Exercise material »
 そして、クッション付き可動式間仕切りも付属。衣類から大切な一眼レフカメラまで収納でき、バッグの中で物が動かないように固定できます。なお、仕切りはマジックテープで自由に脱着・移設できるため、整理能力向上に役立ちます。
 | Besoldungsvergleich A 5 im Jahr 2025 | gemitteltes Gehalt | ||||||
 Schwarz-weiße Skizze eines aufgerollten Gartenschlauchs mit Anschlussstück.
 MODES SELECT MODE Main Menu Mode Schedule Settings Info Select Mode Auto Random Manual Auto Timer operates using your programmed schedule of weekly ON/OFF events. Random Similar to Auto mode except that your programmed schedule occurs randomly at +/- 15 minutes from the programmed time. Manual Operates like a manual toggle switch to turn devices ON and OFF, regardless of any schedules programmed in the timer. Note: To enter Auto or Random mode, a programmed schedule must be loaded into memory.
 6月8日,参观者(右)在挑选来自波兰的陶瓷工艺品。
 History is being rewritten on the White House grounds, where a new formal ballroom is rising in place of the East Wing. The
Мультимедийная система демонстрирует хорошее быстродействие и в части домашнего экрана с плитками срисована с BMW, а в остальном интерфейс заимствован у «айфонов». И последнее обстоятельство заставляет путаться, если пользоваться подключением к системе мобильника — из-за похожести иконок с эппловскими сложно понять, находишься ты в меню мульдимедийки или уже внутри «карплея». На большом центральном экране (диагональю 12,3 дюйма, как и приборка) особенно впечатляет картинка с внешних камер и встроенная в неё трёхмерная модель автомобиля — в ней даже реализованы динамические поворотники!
* * *
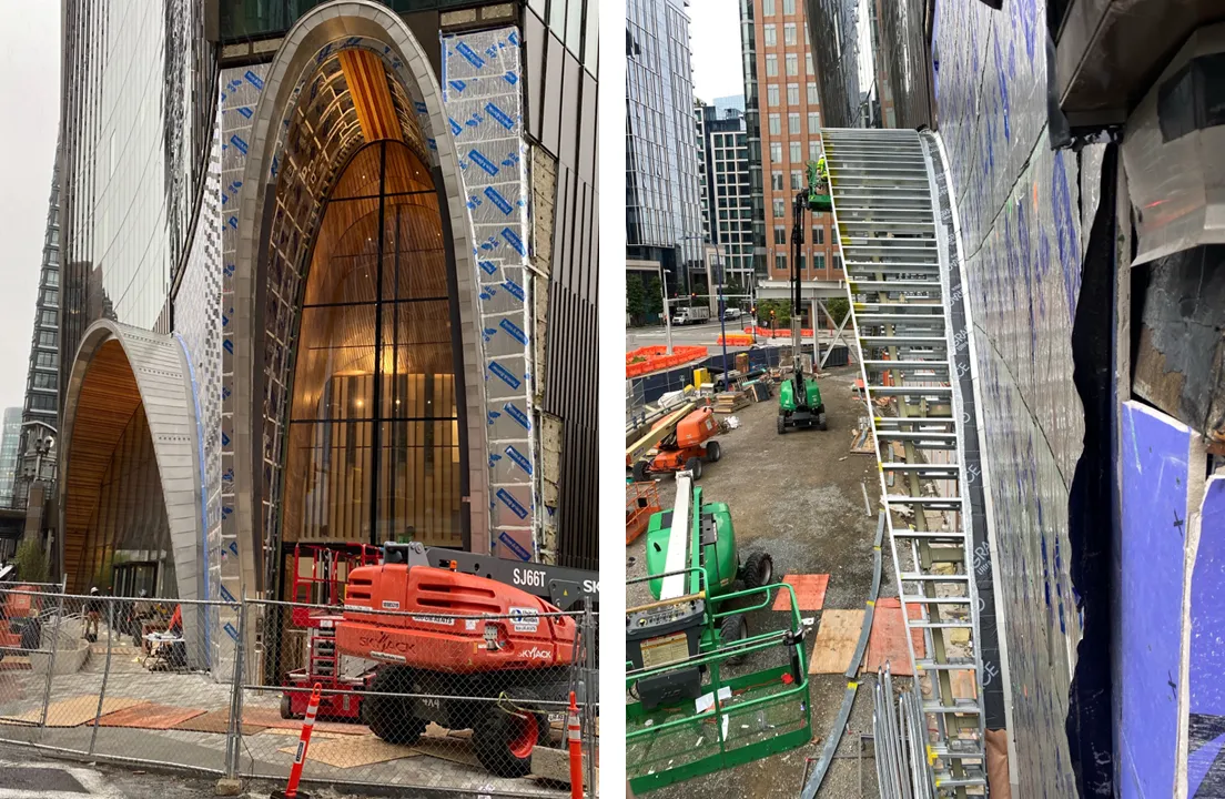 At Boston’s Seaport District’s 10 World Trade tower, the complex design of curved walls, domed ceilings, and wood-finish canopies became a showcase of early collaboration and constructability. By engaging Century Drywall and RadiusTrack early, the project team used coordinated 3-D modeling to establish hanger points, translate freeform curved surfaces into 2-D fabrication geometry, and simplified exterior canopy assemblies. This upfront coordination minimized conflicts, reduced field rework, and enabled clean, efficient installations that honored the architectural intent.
...
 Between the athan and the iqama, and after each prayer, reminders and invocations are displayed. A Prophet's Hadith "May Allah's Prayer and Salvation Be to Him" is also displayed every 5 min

Problem to work on » Only the lines above starting at the line that holds "6月8日,参观者(右)在挑选来自波兰的陶瓷工艺品。" and ending at the line that holds "Мультимедийная система демонстрирует" are to be repeated, exactly and in full.

Task result »
 6月8日,参观者(右)在挑选来自波兰的陶瓷工艺品。
 History is being rewritten on the White House grounds, where a new formal ballroom is rising in place of the East Wing. The
Мультимедийная система демонстрирует хорошее быстродействие и в части домашнего экрана с плитками срисована с BMW, а в остальном интерфейс заимствован у «айфонов». И последнее обстоятельство заставляет путаться, если пользоваться подключением к системе мобильника — из-за похожести иконок с эппловскими сложно понять, находишься ты в меню мульдимедийки или уже внутри «карплея». На большом центральном экране (диагональю 12,3 дюйма, как и приборка) особенно впечатляет картинка с внешних камер и встроенная в неё трёхмерная модель автомобиля — в ней даже реализованы динамические поворотники!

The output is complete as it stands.